§ **DATA BELOW**:
▼▼▼
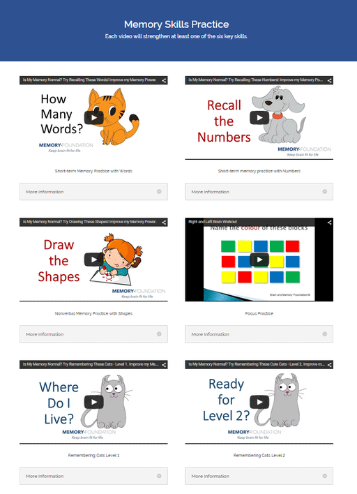 At Brainfit.World (formerly The Memory Foundation), we’ve created 24 free memory game videos on YouTube designed to challenge and improve your brain power.
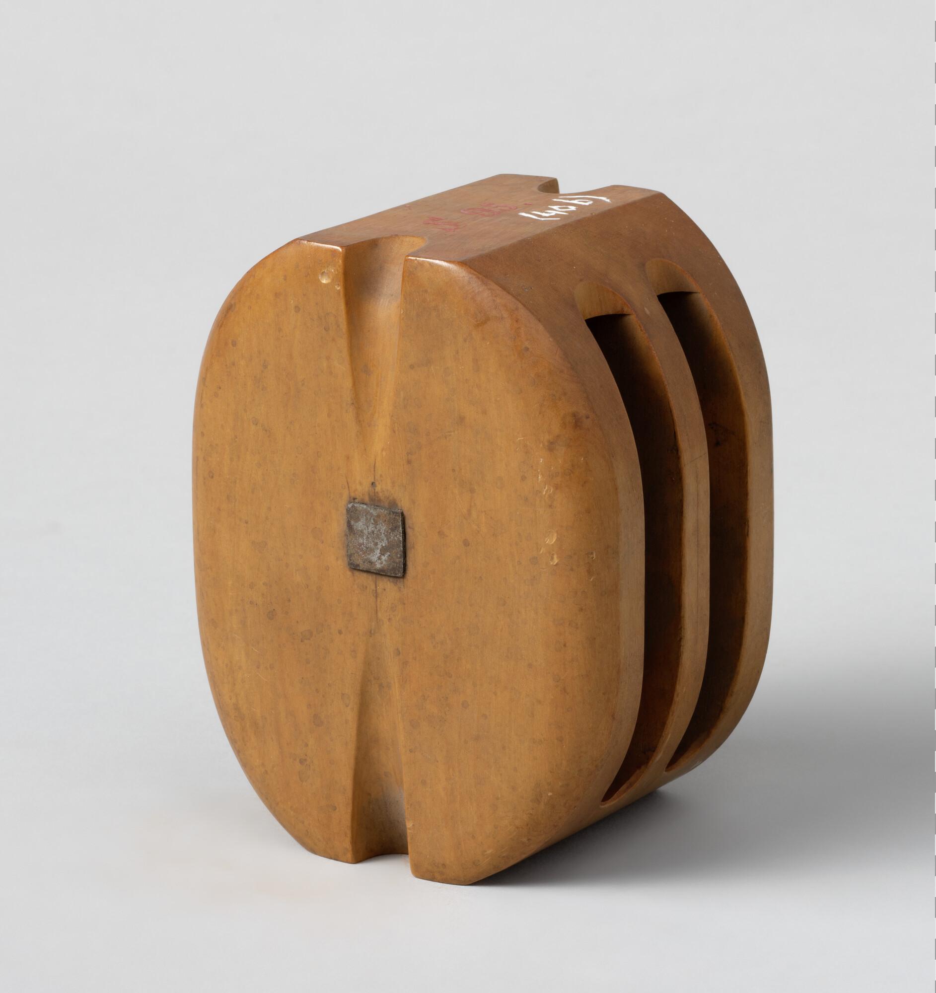 Blok, vruchtboomhout, met twee bronzen schijven en ijzeren nagel. Enkel geneut.
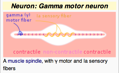 정적인 감마 활성은 수용기-bearing 근육의 예견된 짧아짐과 길어짐의 일시적인 본보기임. 동적인 감마 활성은 갑자기 켜졌다 꺼짐. 의도한 움직임으로부터 출발과 근육 늘어남의 시작 ... sensitizing spindle afferent....
▲▲▲
§ **EXERCISE**: Only the lines from the one with "Blok, vruchtboomhout, met" through the end of the listing should be transcribed, exactly and without pictures.

§ **ANSWER BOX**:
 Blok, vruchtboomhout, met twee bronzen schijven en ijzeren nagel. Enkel geneut.
 정적인 감마 활성은 수용기-bearing 근육의 예견된 짧아짐과 길어짐의 일시적인 본보기임. 동적인 감마 활성은 갑자기 켜졌다 꺼짐. 의도한 움직임으로부터 출발과 근육 늘어남의 시작 ... sensitizing spindle afferent....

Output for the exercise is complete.